══ RECORDS FOR THE EXERCISE

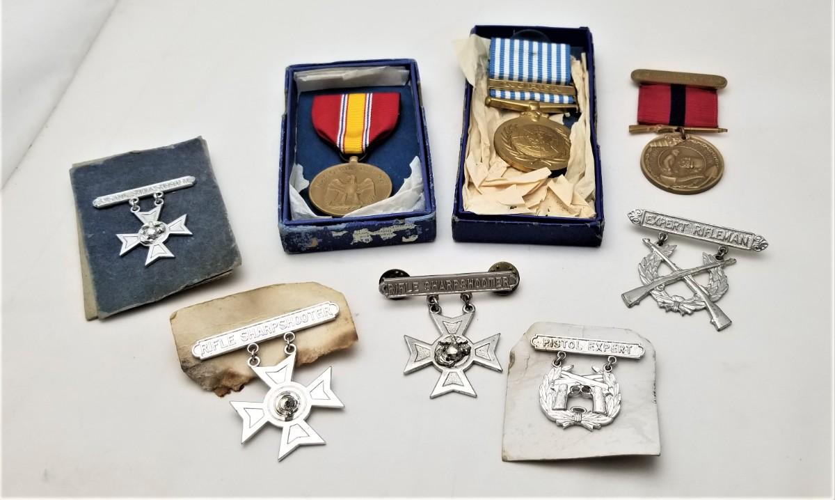 You get all you see here - Expert Rifleman, Rifle Sharpshooter (2), Pistol Expert, US Marine Corps, Pistol Sharpshooter, Korea medal, National Defense medal. All in vintage condition.
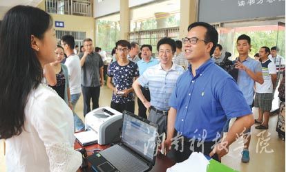 “报到手续办完了吗?住宿安排好了没有?”在迎新现场,总能看到校领导们亲切询问、交谈的身影。他们深入迎新一线,了解各系新生报到情况,帮助解决新生关切的问题。
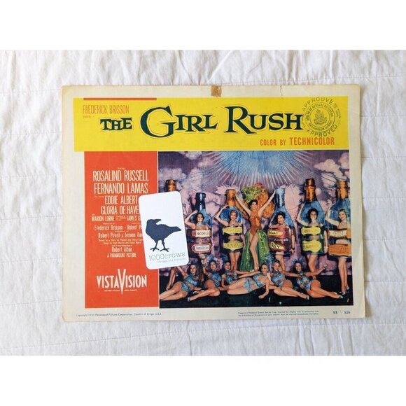 An original vintage lobby card for "The Girl Rush", a 1955 movie by Paramount color by Technicolor, with a wonderful film still of the girls lined up a bottles on a glitzy stage! This poster was used in Canada, Quebec as can be see on the censorship (approved) stamp.
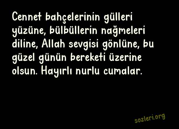Cennet bahçelerinin gülleri yüzüne, bülbüllerin nağmeleri diline, Allah sevgisi gönlüne, bu güzel günün bereketi üzerine olsun. Hayırlı nurlu cumalar. ( Perşembe Gecesi )
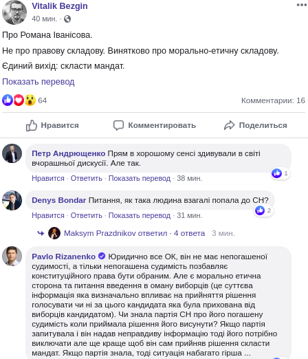 В комментариях его поддержал нардеп-мажоритарщик от "Голоса" Павел Ризаненко.
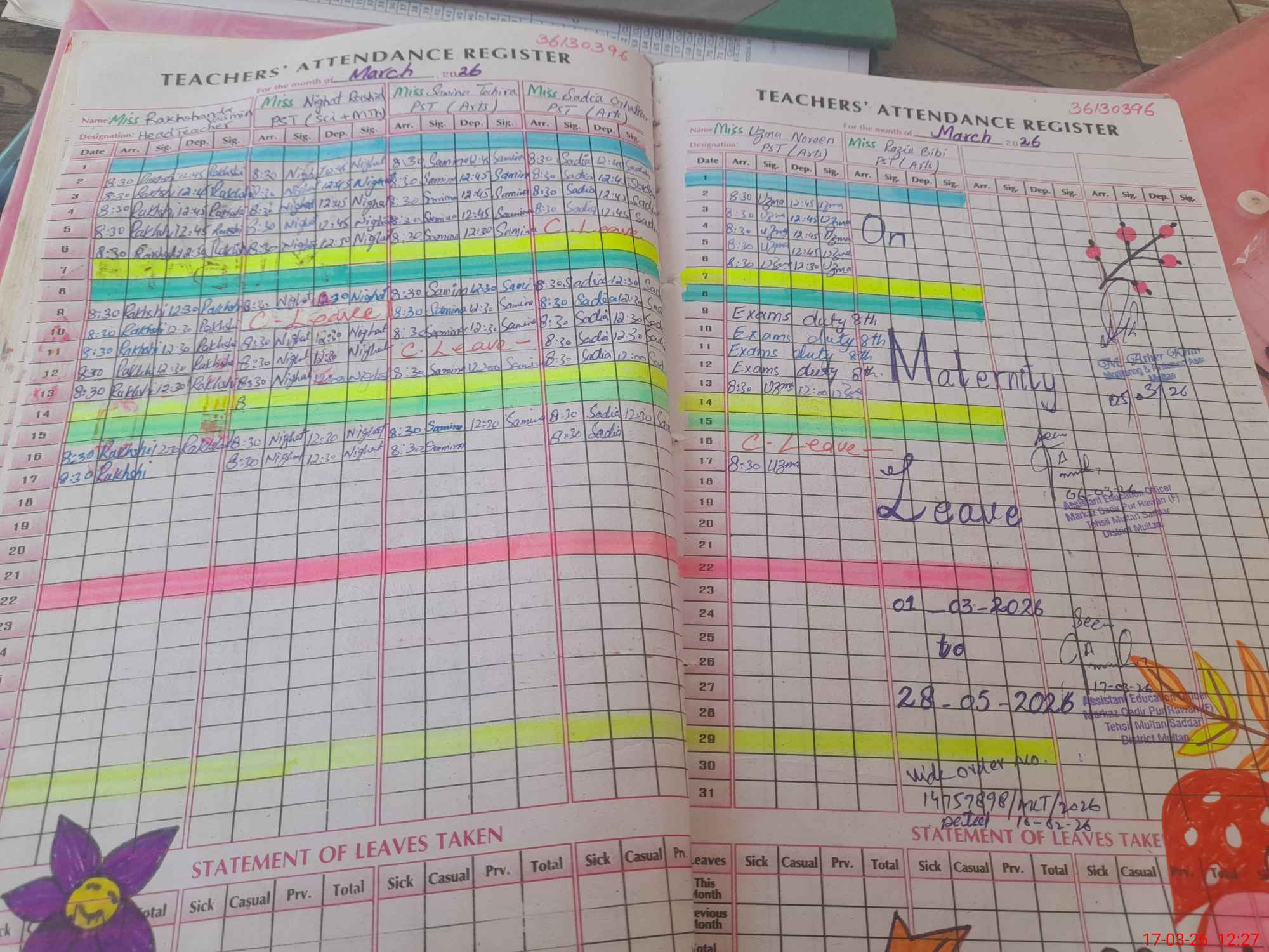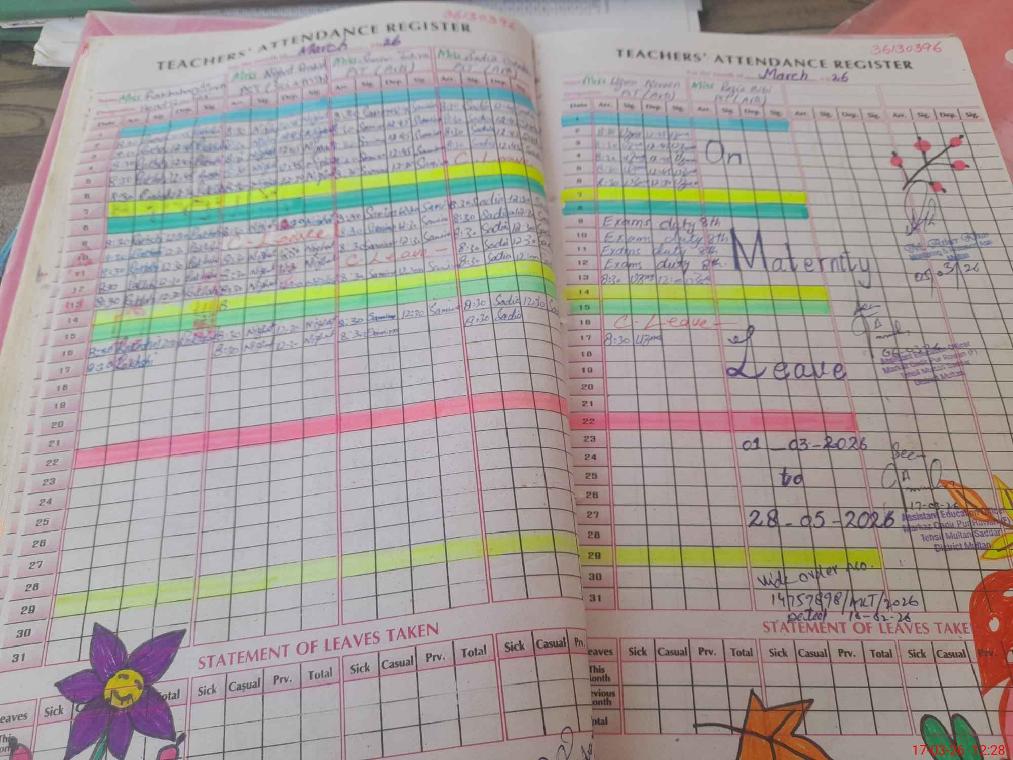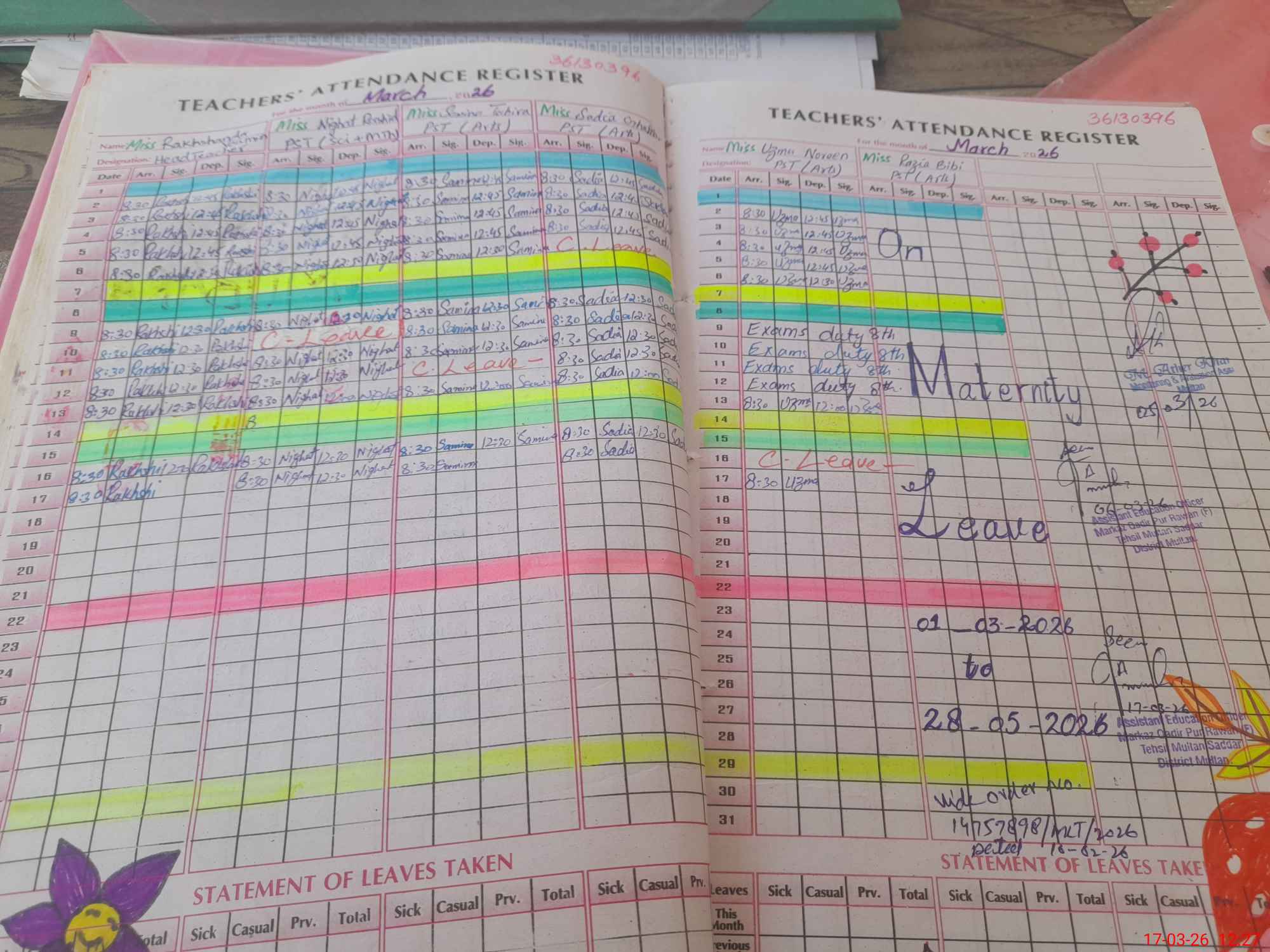 | Leave | Duty | Absent | Maternity | Medical | Ex- Pak |
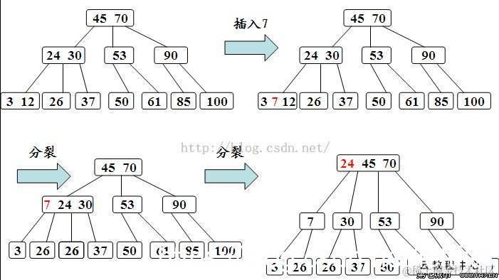 B-树是分阶的。所谓的阶,就是每个结点可以放多少个数据域。比如,3阶B-树,就是每个结点最多有3个数据域。有数据加入或者删减,那就要有所调整,甚至也许因为某结点放不下了,还要进行裂变。
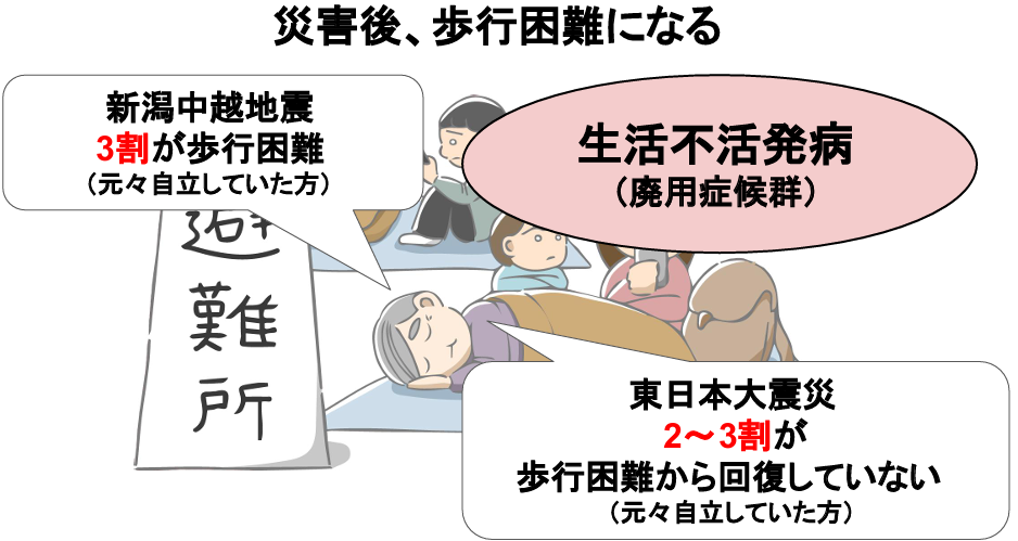 高齢者の方は若い人達と比べると、避難所生活などで活動性が低下してしまい、身体機能面や認知機能面の低下があらわれやすい。身体機能面や認知機能面の低下により、今まで出来ていたことが出来なくなってしまい、要介護状態になってしまう人もいる。
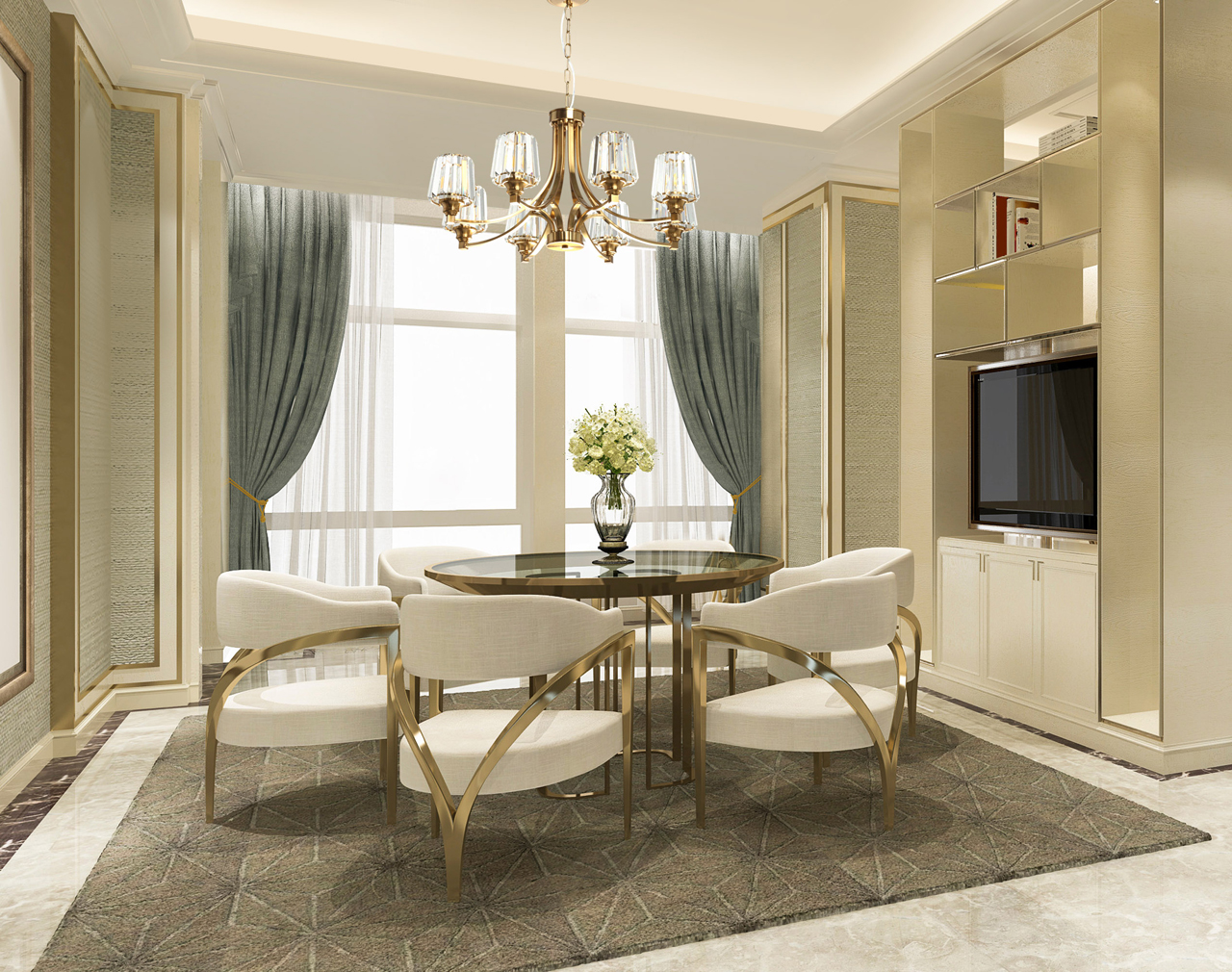 Металлическое основание светильника гальванизировано в цвет бронзы. Плафоны люстры декорированы прозрачным хрусталем прямоугольной формы со сложной огранкой.

════

→ **WHAT YOU SHOULD DO**
Reproduce the entries exactly. Do not carry over any picture.

→ **ANSWER FOR THIS EXERCISE**
 You get all you see here - Expert Rifleman, Rifle Sharpshooter (2), Pistol Expert, US Marine Corps, Pistol Sharpshooter, Korea medal, National Defense medal. All in vintage condition.
 “报到手续办完了吗?住宿安排好了没有?”在迎新现场,总能看到校领导们亲切询问、交谈的身影。他们深入迎新一线,了解各系新生报到情况,帮助解决新生关切的问题。
 An original vintage lobby card for "The Girl Rush", a 1955 movie by Paramount color by Technicolor, with a wonderful film still of the girls lined up a bottles on a glitzy stage! This poster was used in Canada, Quebec as can be see on the censorship (approved) stamp.
Cennet bahçelerinin gülleri yüzüne, bülbüllerin nağmeleri diline, Allah sevgisi gönlüne, bu güzel günün bereketi üzerine olsun. Hayırlı nurlu cumalar. ( Perşembe Gecesi )
 В комментариях его поддержал нардеп-мажоритарщик от "Голоса" Павел Ризаненко.
 | Leave | Duty | Absent | Maternity | Medical | Ex- Pak |
 B-树是分阶的。所谓的阶,就是每个结点可以放多少个数据域。比如,3阶B-树,就是每个结点最多有3个数据域。有数据加入或者删减,那就要有所调整,甚至也许因为某结点放不下了,还要进行裂变。
 高齢者の方は若い人達と比べると、避難所生活などで活動性が低下してしまい、身体機能面や認知機能面の低下があらわれやすい。身体機能面や認知機能面の低下により、今まで出来ていたことが出来なくなってしまい、要介護状態になってしまう人もいる。
 Металлическое основание светильника гальванизировано в цвет бронзы. Плафоны люстры декорированы прозрачным хрусталем прямоугольной формы со сложной огранкой.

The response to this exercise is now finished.